Apesar dos 125 óbitos registrados nos últimos sete anos, o IOP nega haver um alto índice de mortandade no criadouro e assegura não ser possível atribuir as mortes a atos de negligência, imprudência ou imperícia.
“Houve casos em que predadores selvagens foram capazes de romper os equipamentos de segurança que resguardam os recintos e, lamentavelmente, atacaram os espécimes alojados no criadouro. O IOP imediatamente tomou todas as providências para reconstruir as cercas e telas de proteção, a fim de restabelecer o isolamento dos recintos e evitar novos ataques”, relata o instituto.
“Com relação à predação por serpentes, cumpre elucidar que a única medida de contenção efetiva seria o emprego de vidro como revestimento dos recintos. Tal material, contudo, não é o recomendado pelas normas técnicas para a manutenção das espécies com que trabalha o criadouro, inclusive por evitar uma adequada circulação de ar”, complementa.
A ONG afirma também que as situações são absolutamente imprevisíveis e irresistíveis, de modo que não servem como prova alguma de negligência.
Sobre os envenenamentos, explicou que a substância tóxica somente foi acessada pelos animais pois teria sido carregada pelos próprios roedores para o interior dos recintos. “O IOP nunca teve por prática colocar veneno em locais que seriam alcançados pelos espécimes sob a sua guarda e manutenção, pois bem conhece os riscos que tal atitude representaria”, assegura a defesa.

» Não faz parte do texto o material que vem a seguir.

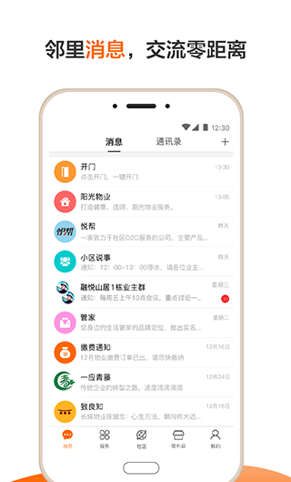 2、检查各种未读信息的内容,与邻居在线交流,并快速了解最新的社区通知和公告。
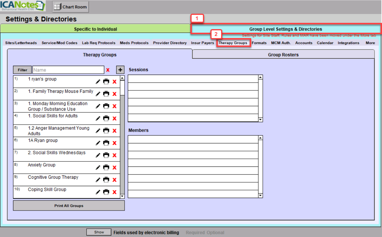 - Click on the Therapy Groups tab. The Therapy Groups tab has two additional tabs on it – Therapy Groups and Group Rosters.
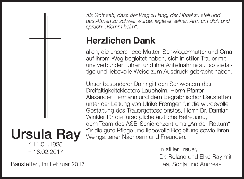 Hier finden Sie alle Traueranzeigen aus der Zeitung, die bisher für Ursula Ray erschienen sind. Weitere Traueranzeigen, die in der Zeitung erscheinen, werden hier ebenfalls aufgelistet
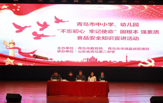 中国食品安全网讯(刘承鑫)近日,青岛市教育局、青岛市市场监督管理局在青岛二中联合举办青岛市中小学、幼儿园“不忘初心 牢记使命”固根本 强素质食品安全知识宣讲活动。本次活动特邀山东省食品安全专家、山东省食品药品检验院高级工程师范丽进行主讲,各区市教体局、局属学校、民办学校、幼儿园分管食品安全的管理人员以及青岛二中的部分学生400余人参加了本次活动。青岛市教育局、青岛市市场监督管理局相关负责人出席活动。

Já em relação às brigas entre animais da mesma espécie, o instituto diz se tratar de algo comum à natureza animal (e humana). “Ao IOP seria impossível garantir que os espécimes nunca entrariam em conflito, até porque na própria natureza tais situações ocorrem. Tampouco poderia se pretender que o criadouro mantivesse cada espécime em isolamento dos demais, o que seria extremamente prejudicial ao seu desenvolvimento, bem como inviabilizaria a reprodução com viés conservacionista”, defendem.
Por fim, a defesa alega que as infrações foram aplicadas sem a ausência de prévia e indispensável imposição de advertência.